Stage: Pre-revenue, 7 signed LOIs (~$250K), targeting $1M ARR by Summer 2026
Stack: Next.js, TypeScript, PostgreSQL, Prisma, Anthropic Claude API, HashiCorp Vault, LangChain-style orchestration
The Role
This is a fractional CTO-level individual contributor role focused on architecture, orchestration, observability, and reliability of a multi-agent verification system.
We are working with an external agency on agent implementation and need a senior in-house engineer to:
- Establish production monitoring and observability
- Review architecture for security and scalability
- Optimize agent performance and cost
- Build orchestration, decision logic, and escalation systems
- Ensure readiness for scale (25K+ physician wallets, 150+ enterprise customers)
Why this is interesting
- First production AI agent system in healthcare credentialing
- High-impact problem: eliminating 90–120 day bottlenecks that cost hospitals millions
- True multi-agent orchestration (parallel workflows, failure modes, latency variance)
- Non-deterministic systems engineering on LLM infrastructure
- Regulated environment: HIPAA-adjacent, Joint Commission auditability, long-term retention
What You’ll Do
Phase 1: Monitoring & Architecture Review
(Weeks 1–6 ½-time | 1–3 weeks full-time)
Observability & reliability
- Implement monitoring for agent workflows (performance, cost, success/failure)
- Build dashboards, alerting, and escalation detection
- Create debugging tools for non-deterministic agent behavior
Security & compliance
- Review architecture for sensitive PII handling (SSN, credentials, portals)

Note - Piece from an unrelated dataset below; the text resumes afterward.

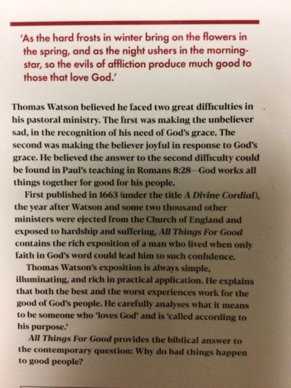 Thomas Watson's book All Things For Good provides the biblical answer to the contemporary question; Why do bad things happen to good people? Thomas Watson, the 17th century minister of St. Stephen's Walbrook, believed he faced two great difficulties in his pastoral ministry. The first was making the unbeliever sad, in the recognition of his need of God's grace. The second was making the believer joyful in response to God's grace. He believed the answer to the second difficulty could be found in Paul's teaching in Romans 8.28: God works all things together for good for his people. First published in 1663 (under the title A Divine Cordial), the year after Watson and some two thousand other ministers were ejected from the Church of England and exposed to hardship and suffering, All Things For Good contains the rich exposition of a man who lived when only faith in God's Word could lead him to such confidence. Thomas Watson's exposition is always simple, illuminating and rich in practical application. He explains that both the best and the worst experiences work for the good of God's people. He carefully analyses what it means to be someone who 'loves God' and is 'called according to his purpose'.

- Validate encryption, access controls, audit logging
Deliverables:
Monitoring dashboards, alerting system, security review doc, cost projection model
Phase 2: Orchestration & Decision Logic
(Weeks 7–12 ½-time | 4–8 weeks full-time)
Agent orchestration
- Design multi-agent workflow orchestration
- Implement job queues, polling, webhooks, retries, timeouts
- Build agent health monitoring and failover to manual workflows
Decision & escalation intelligence
- Auto-verify vs manual review logic
- Confidence scoring (data quality, source reliability, discrepancies)
- Explainable escalation routing
Performance & integrations
- Prompt optimization, caching, and cost controls
- API integrations (FSMB PDC, ABMS CertiFACTS, NPI, OIG/SAM, others)
- Structured/unstructured response parsing
Deliverables:
Orchestration framework, decision logic system, 3+ API integrations live, 20–30% cost-per-verification reduction
Phase 3: Scale & Production Readiness (Ongoing)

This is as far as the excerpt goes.